I suspect that some of these are actually defects or failures of the pump. Some of them may have been "operator error." But in the end, like driving a car, we absolutely must operate the pump defensively. The really sad thing is that there are probably things that pump users could have done to protect themselves against being harmed by these failures.

I'd like to hear from pump users what they do to protect themselves.

I think this needs much further investigation before any conclusions can be drawn: was his death officially caused by seizure or DKA? What type of pump or set malfunction might have attributed to his death? Can the confiscated pump be examined by independent specialists?

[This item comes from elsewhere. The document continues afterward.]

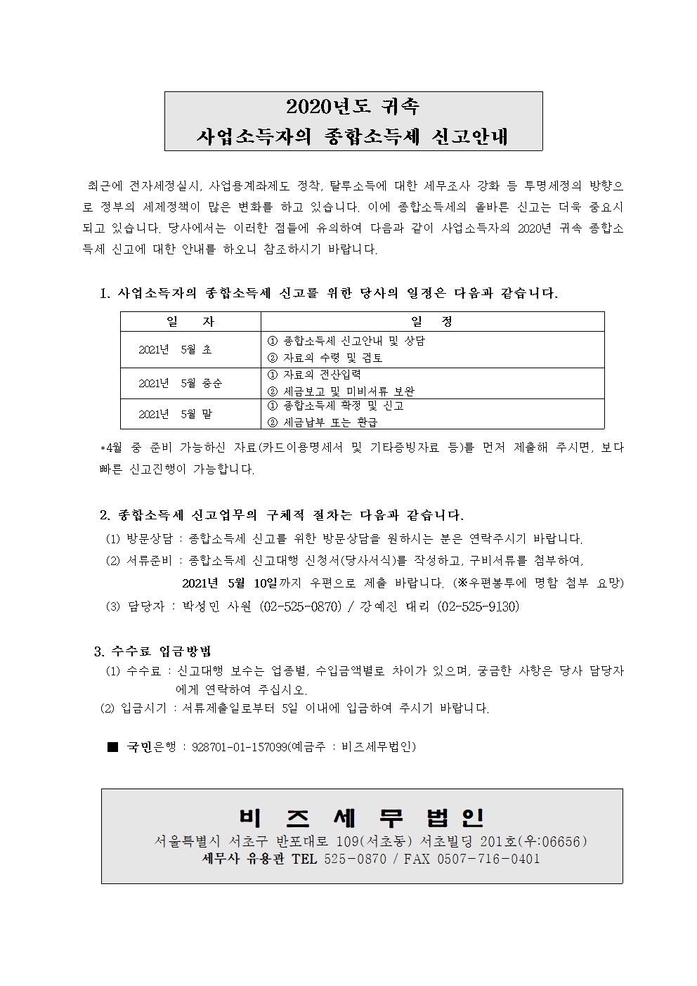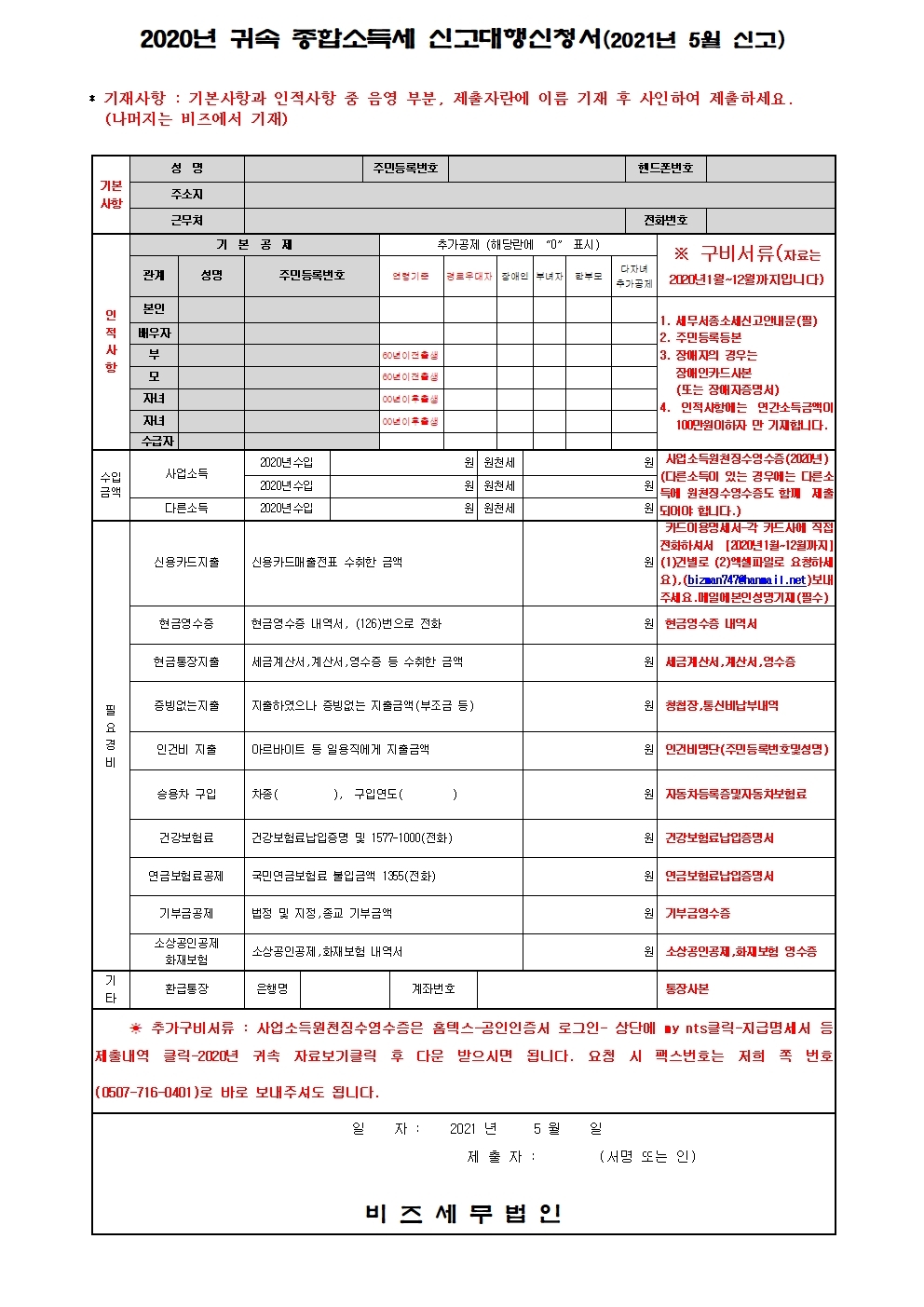 2020년 귀속 종합소득세 신고안내(2021년 5월) (첨부서류 참조) 작성자비즈맨 2|작성시간21.04.08|조회수981 목록 댓글 0 글자크기 작게가 글자크기 크게가 2020년귀속 종합소득세 확정신고안내문.hwp64.00KB2020년귀속 종합소득세_신고대행신청서.hwp80.00KB 첨부파일첨부된 파일이 4개 있습니다. jpg 파일 C:\Users\qkr38\OneDrive\바탕 화면\2020년귀속 종합소득세 확정신고안내문001.jpg 다운로드 jpg 파일 C:\Users\qkr38\OneDrive\바탕 화면\2020년귀속 종합소득세_신고대행신청서001.jpg 다운로드 hwp 파일 \\서버컴퓨터\공유폴더\2020년귀속-종합소득세\2020년귀속 종합소득세 확정신고안내문.hwp 다운로드 hwp 파일 \\서버컴퓨터\공유폴더\2020년귀속-종합소득세\2020년귀속 종합소득세_신고대행신청서.hwp 다운로드 다음검색 현재 게시글 추가 기능 열기 북마크 공유하기 신고 센터로 신고 댓글 댓글 0 댓글쓰기 답글쓰기 댓글 리스트

I'd agree with Angela that it's a useful reminder that insulin is a hard drug that can kill you. It bothers me that the explanation is rather vague.

If my pump doesn't work because the line was out, I'd know about it. I check that if I ever have an elevated BG. I've pumped since 2008 and, if I get a pump "spot" that doesn't seem to be working, producing elevated, unresponsive BG etc., I'll turn up my basal to 200% and, if that doesn't get 'er down in an hour or two, I'd move the site from my abdomen, which I use most of the time, to my love handles, which I hardly ever use to give the abdomen area some "recovery". It works. I did that on my own though, no medical input. I have a doctor's appointment Tuesday so I'll see if that works? I'd think the disconnection would have to go on for a while before it would kill you. I think of "seizure" as a low rather than a high.

Could it be possible that he pulled out the tubing as he was going low or during the seisure?

I thought the same.
They found him on the floor, perhaps I understood he was low a little late and managed only to disconnect his pump.